None of this implies a frictionless process. The NBS itself acknowledges ongoing difficulties: Global uncertainty, external shocks, and adjustment pains within industries undergoing transition. Profit recovery at the aggregate level does not erase firm-level stress or regional disparities.

Yet this is precisely what one would expect during a genuine transformation rather than a cyclical bounce. Structural change is uneven by definition. It creates winners early, laggards later, and only gradually establishes a new normal.

What matters is that the direction of travel is coherent, and that is toward higher capital productivity, greater technological intensity, and compatibility between rising wages and rising profits.
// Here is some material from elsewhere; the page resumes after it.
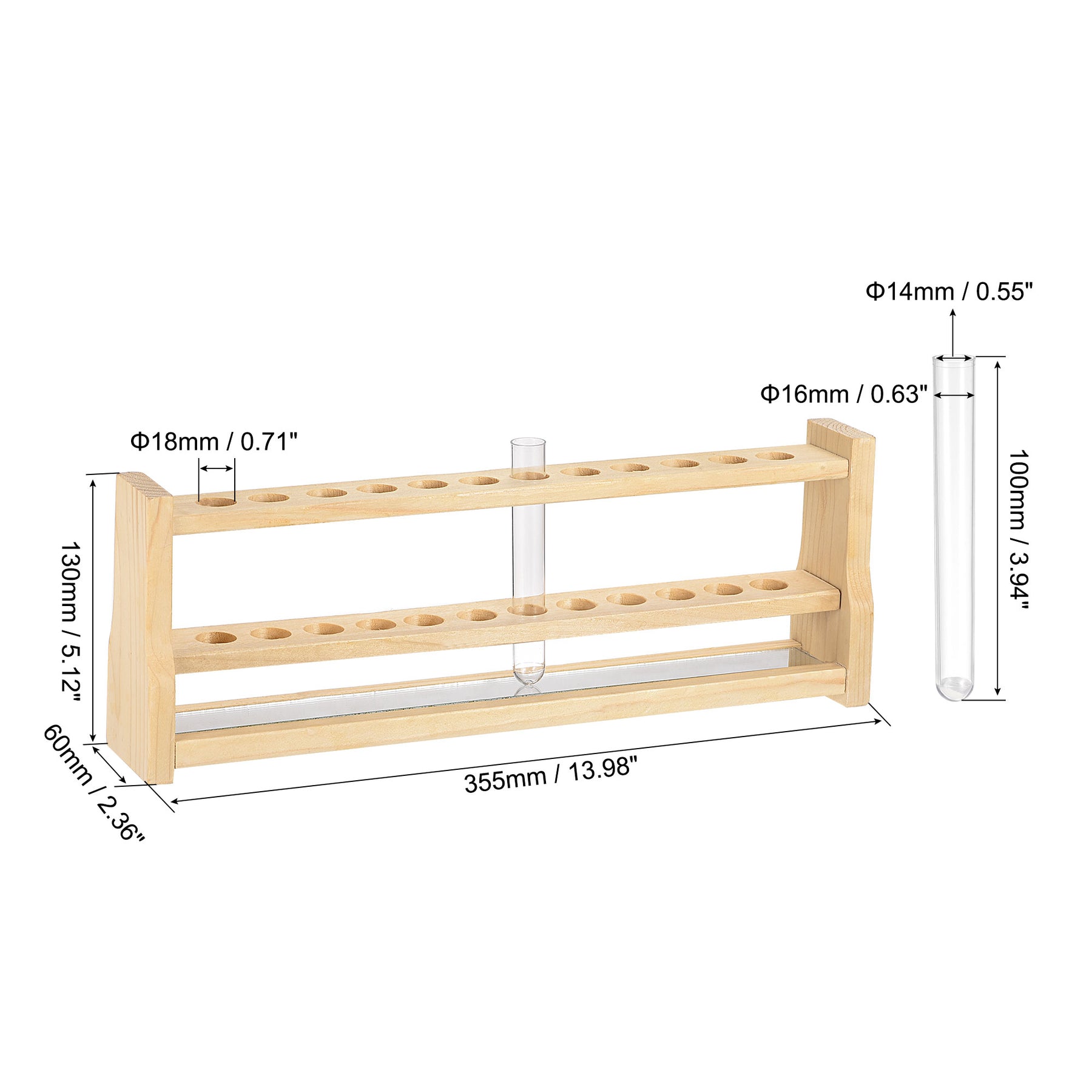 Descriptions: 1. Made of polystyrene(PS), no bubbles, corrosion-resistant, more durable than other plastic. 2. With a wooden test tube rack holder, sturdy and easy to clean. 3. Great for storing liquid, powder and small objects such as beads, plants, oil, etc. 4. Suitable for collecting Specimens in molecular biology, chemistry, biochemistry, also can be used in scientific experiments, party decorations. Specifications: Material: Polystyrene(PS) Color: Clear Type of Bottom: Round Inner Diameter: 14mm / 0.55" Tube Diameter: 16mm / 0.63" Tube Length: 100mm / 3.94" Tube Rack Size: 355 x 60 x 130mm / 13.98 x 2.36 x 5.12"(L*W*H) Hole Diameter: 18mm / 0.71" Hole Quantity:12

Reading the data correctly

The key analytical mistake would be to treat the 2025 profit rebound as a simple return to business as usual. It is nothing of the sort. The data show an economy actively reshaping its industrial capital base, using liquidity expansion to cushion exit while accelerating entry into new accumulation paths.

Profit concentration in equipment and high-tech manufacturing is not a temporary distortion; rather, it is the statistical expression of structural change. The retirement of obsolete production coefficients is the necessary precondition for renewed profitability. And the coexistence of profit growth with rising real wages demonstrates that China's adjustment remains fundamentally productive rather than extractive.
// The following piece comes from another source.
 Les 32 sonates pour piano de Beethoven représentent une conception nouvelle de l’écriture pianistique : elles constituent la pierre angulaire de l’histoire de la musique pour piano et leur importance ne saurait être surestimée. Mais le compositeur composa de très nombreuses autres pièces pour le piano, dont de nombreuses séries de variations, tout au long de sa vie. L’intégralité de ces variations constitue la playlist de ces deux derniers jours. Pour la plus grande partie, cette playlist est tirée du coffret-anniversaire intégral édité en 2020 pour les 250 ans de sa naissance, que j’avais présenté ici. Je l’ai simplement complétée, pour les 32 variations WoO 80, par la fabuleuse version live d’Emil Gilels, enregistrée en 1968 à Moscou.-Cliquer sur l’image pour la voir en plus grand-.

In this sense, the 2025 profit data are best read not as a conclusion, but as an inflection point. They signal that the long process of industrial transformation — slowed but not derailed by the pandemic and global shocks — has reached a phase where new productive forces are now generating visible financial returns.

The challenge ahead is not whether profitability can be restored, but whether the system can continue to generalize these gains — spatially, sectorally, and socially — without reverting to old growth models. Based on the evidence so far, China's industrial profits are telling us that such a path, although uneven, remains firmly open.